In his wisecracking follow-up to Loser’s Town, Depp follows the trail of scorpion’s poison through the ramshackle bowels of Los Angeles to Nice and Cannes, the rarified, salubrious playgrounds of the rich and the famous. Gritty and urban with a throat-slashing psycho hairdresser at its core, Babylon Nights features the return of ironic
private investigator Dave Spandau, a loveable character still living on the edge.
Spandau
is attending the funeral of infamous actor Bobby Dye when he gets a chance to
meet with famous Oscar-winning Hollywood actress Anna Mayhew. David arrives at Anna's gated mansion ostensibly to check out her new security arrangements, but also to be her newly appointed private security guard. Anna has been
receiving a series of letters covered in red ink. The notes are nothing violent or threatening, but they
are creepy and obsessive, and a little submissive.
Dave doesn’t mention it to Anna or Pamela (Anna's sister cum assistant), but the red ink looks strangely like blood. David is deeply concerned for Anna’s safety. She’s been going through an extremely bad time. Pamela tells David the roles are drying up, and the ones
being offered embarrass her even though she knows that she’ll eventually have to take them.
Fifteen years ago, Anna had posed nude for a magazine spread. The photos are out there on the Internet, being incessantly
Googled by Vincent Perec, a boy psychopath who sits in his floored attic, surrounded by computer-printed images of his seductive idol.
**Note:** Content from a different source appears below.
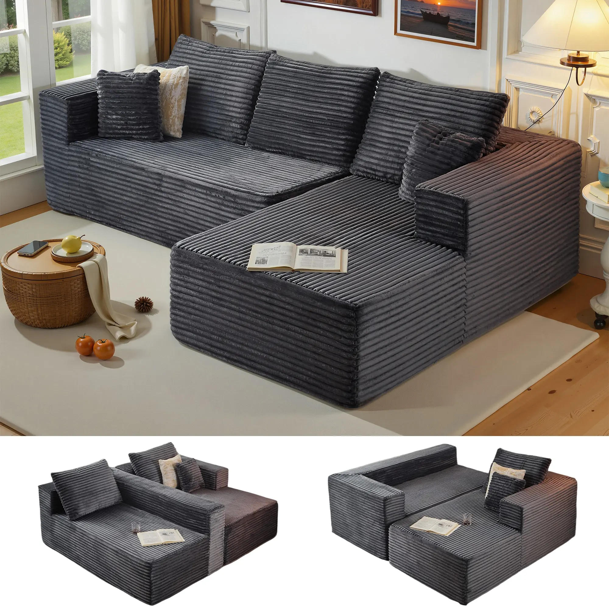 ·Comfy Boneless Couch:Features detachable lounge Chaise for sofa/sleeper modes. This Sectional sofa reconfigures in seconds - NO assembly required. Perfect for couch living room or bed living room transformations.
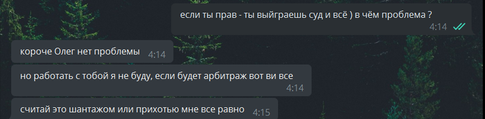 Однако на мой взгляд я не нарушил ниодного пункта из нашего контракта, а если нарушил то прошу ответную сторону предоставить доказательства. Я же в свою очередь готов предоставить скрин нашего договора, но так как он из личной переписки, думаю что пока не имею права ее публиковывать.

As Perec plots his moves toward his goddess, he tries to ignore the abusive taunts of his sickly mother, who hovers over him and shouts as though “crazed by God.”
Anna, harboring fleeting visions of “a gray-haired, saggy-assed future self,” unexpectedly finds
herself attracted to the gruff, sexy Spandau, even hiring him to accompany her to the Cannes Film
Festival where she is certified to appear as a judge. David’s encounter with a three-pound cast iron skillet in
downtown Los Angeles sets him on the path as Anna's protector and savior. Still, with all of Dave's efforts to protect Anna in force, there
is no positive link to the unnerving letters.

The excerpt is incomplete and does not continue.